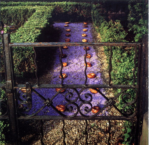 在表達思想和對現(xiàn)實的關(guān)注的同時,她的設(shè)計也是感性可愛的,流露出對生活的熱情。比如她曾經(jīng)為慶祝她的丈夫出差一周返回而布置了一個面包圈花園。在黃楊籬方塊之間,舒爾茲布置了一條紫色的卵石帶,上面網(wǎng)格狀的放了72個經(jīng)過防腐處理的面包圈。用明媚的色彩和生活化的材料創(chuàng)造了洋逸著小女人情懷的庭園。雖然這個有趣的設(shè)計并沒有維持幾天,不久就被貓破壞了,但是它卻成為了舒爾茲的代表作之一。(圖23)
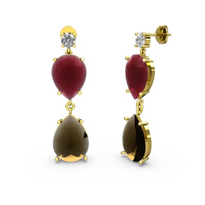 Beyaz zirkon, dumanlı kuvars ve kök yakut 925 ayar altın kaplama gümüş küpe
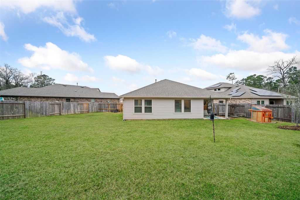 Lovely, 4 bedroom single-story home, near The Woodlands is situated on a huge culdesac lot. Solar panels for reduced electricity costs. The 3 year home features neutral colors throughout with large open spaces for entertaining. Beautiful kitchen is stocked with the essentials & features a large granite counter height breakfast bar & walk in pantry. The primary bedroom is furnished with a queen size bedroom set & a lovely bathroom with a large soaking tub, separate shower & large walk-in closet. The 3 secondary bedrooms are split off the main entry. One is currently furnished with a bedroom set, one is currently furnished as a home office & one is empty. The backyard features a covered patio & a lovely view of the woods behind the home. The home is conveniently within walking distance of Carl Barton Park & its playground, hiking trails & pickleball/tennis/basketball courts. Conveniently located 4 miles off of 45 and a great 15 min access to The Woodlands amenities.
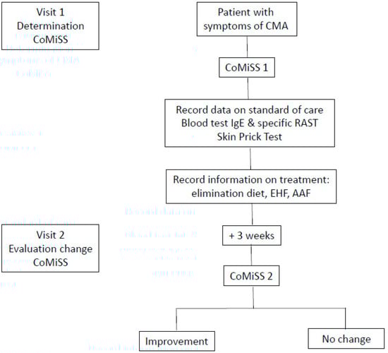 The CoMiSS score was determined by the HCP during both visits using the CoMiSS awareness tool form. At baseline, basic information such as date of birth, sex, weight, length and head circumference were recorded, as well as the history of CMA-related symptoms, such as duration of symptoms and diet at baseline. The dietary and medical intervention recommended by the HCP was registered. Information was also recorded regarding the requests of HCPs for investigations such as blood sampling and skin prick testing for diagnostic purposes.
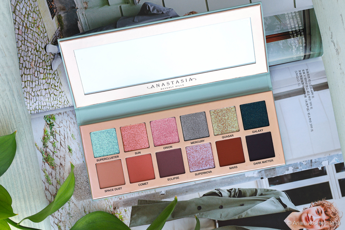 Всем привет! В этот раз покажу третью свою палетку из новой линейки палеток Anastasia Beverly Hills. До этого рассказывала о Nouveau (моя любовь) и Rose Metals, но pi4y4y как-то раз отметила, что мне очень пойдёт ещё и Cosmos Palette. Собственно, об этой гамме и речь.
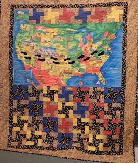 This quilt presented by the Prayer&Square to Keela as a big thank you for her work on behalf of wounded veterans. Keela is athletic and strong. She is a fitness trainer and had wondered how she could use her abilities to glorify God’s Name. She had decided to walk miles accross the USA and raise money on behalf of those who sacrificed for the country’s freedoms. She has done this twice. She has taken prayer military quilts to patients at the Walter Reed Army Medical Center in DC. The team of quilters decided to create one just for Keela as a “thank you” and for her encouragement-she had gone through a tough time recently. Keela was so surprised and very grateful for everyone’s support this evening!
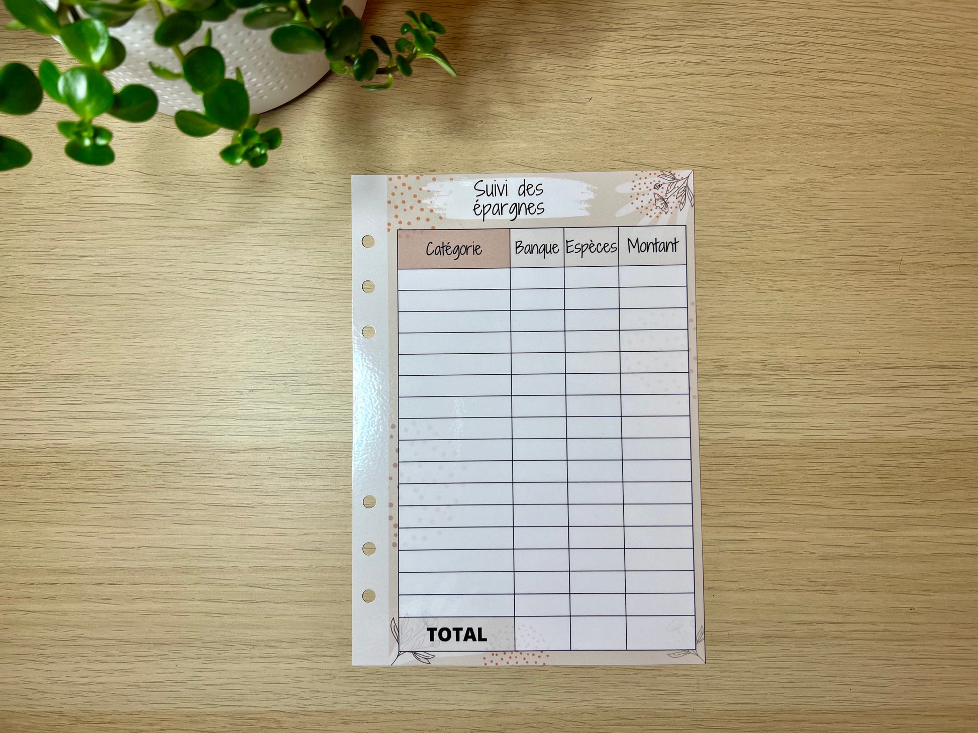 A6 ou A5 fiche suivi des épargnes plastifiée perforée

★ ★ ★

DIRECTIONS:
Please output exactly the lines of the data above, from its first line through the line with "Lovely, 4 bedroom", and nothing else; drop the pictures.

REPLY:
 在表達思想和對現(xiàn)實的關(guān)注的同時,她的設(shè)計也是感性可愛的,流露出對生活的熱情。比如她曾經(jīng)為慶祝她的丈夫出差一周返回而布置了一個面包圈花園。在黃楊籬方塊之間,舒爾茲布置了一條紫色的卵石帶,上面網(wǎng)格狀的放了72個經(jīng)過防腐處理的面包圈。用明媚的色彩和生活化的材料創(chuàng)造了洋逸著小女人情懷的庭園。雖然這個有趣的設(shè)計并沒有維持幾天,不久就被貓破壞了,但是它卻成為了舒爾茲的代表作之一。(圖23)
 Beyaz zirkon, dumanlı kuvars ve kök yakut 925 ayar altın kaplama gümüş küpe
 Lovely, 4 bedroom single-story home, near The Woodlands is situated on a huge culdesac lot. Solar panels for reduced electricity costs. The 3 year home features neutral colors throughout with large open spaces for entertaining. Beautiful kitchen is stocked with the essentials & features a large granite counter height breakfast bar & walk in pantry. The primary bedroom is furnished with a queen size bedroom set & a lovely bathroom with a large soaking tub, separate shower & large walk-in closet. The 3 secondary bedrooms are split off the main entry. One is currently furnished with a bedroom set, one is currently furnished as a home office & one is empty. The backyard features a covered patio & a lovely view of the woods behind the home. The home is conveniently within walking distance of Carl Barton Park & its playground, hiking trails & pickleball/tennis/basketball courts. Conveniently located 4 miles off of 45 and a great 15 min access to The Woodlands amenities.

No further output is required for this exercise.